==== Information given
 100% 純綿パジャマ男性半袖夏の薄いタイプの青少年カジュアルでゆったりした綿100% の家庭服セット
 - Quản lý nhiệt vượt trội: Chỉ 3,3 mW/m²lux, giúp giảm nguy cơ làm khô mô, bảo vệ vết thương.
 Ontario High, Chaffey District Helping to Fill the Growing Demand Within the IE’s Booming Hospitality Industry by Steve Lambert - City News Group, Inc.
========
==== Information given
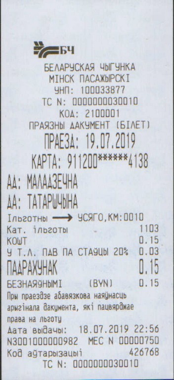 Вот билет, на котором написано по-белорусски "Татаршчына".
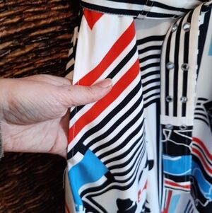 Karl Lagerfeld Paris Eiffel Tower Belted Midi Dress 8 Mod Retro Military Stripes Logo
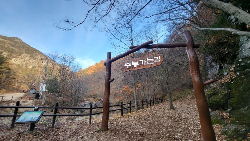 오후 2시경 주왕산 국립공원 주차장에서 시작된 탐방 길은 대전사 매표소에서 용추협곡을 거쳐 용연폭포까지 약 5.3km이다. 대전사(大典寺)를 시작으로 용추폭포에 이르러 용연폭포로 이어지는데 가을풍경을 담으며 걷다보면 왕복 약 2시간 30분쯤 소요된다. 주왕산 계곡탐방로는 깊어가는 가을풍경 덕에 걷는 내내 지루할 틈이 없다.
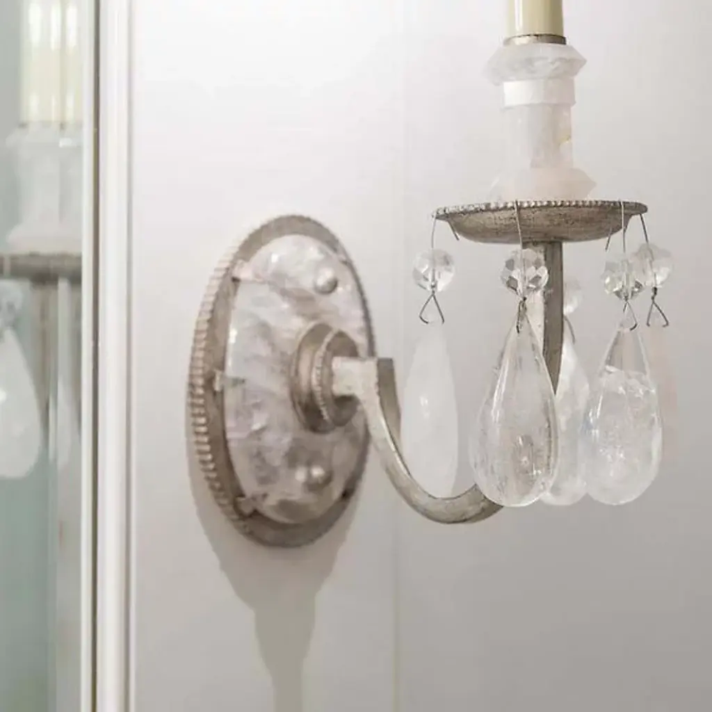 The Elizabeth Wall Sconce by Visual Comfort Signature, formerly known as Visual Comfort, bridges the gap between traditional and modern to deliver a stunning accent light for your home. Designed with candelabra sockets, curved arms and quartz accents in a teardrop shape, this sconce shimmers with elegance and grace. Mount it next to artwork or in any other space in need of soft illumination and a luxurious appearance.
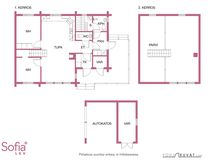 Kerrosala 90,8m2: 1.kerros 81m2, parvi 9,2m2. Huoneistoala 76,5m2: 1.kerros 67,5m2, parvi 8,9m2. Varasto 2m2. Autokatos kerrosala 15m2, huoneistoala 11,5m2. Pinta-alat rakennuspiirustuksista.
========
# Exercise description:
Write down exactly what the lines above say, from the line holding "Вот билет, на" through the line holding "오후 2시경 주왕산 국립공원", and nothing more. Do not copy the pictures.

# Answer below:
 Вот билет, на котором написано по-белорусски "Татаршчына".
 Karl Lagerfeld Paris Eiffel Tower Belted Midi Dress 8 Mod Retro Military Stripes Logo
 오후 2시경 주왕산 국립공원 주차장에서 시작된 탐방 길은 대전사 매표소에서 용추협곡을 거쳐 용연폭포까지 약 5.3km이다. 대전사(大典寺)를 시작으로 용추폭포에 이르러 용연폭포로 이어지는데 가을풍경을 담으며 걷다보면 왕복 약 2시간 30분쯤 소요된다. 주왕산 계곡탐방로는 깊어가는 가을풍경 덕에 걷는 내내 지루할 틈이 없다.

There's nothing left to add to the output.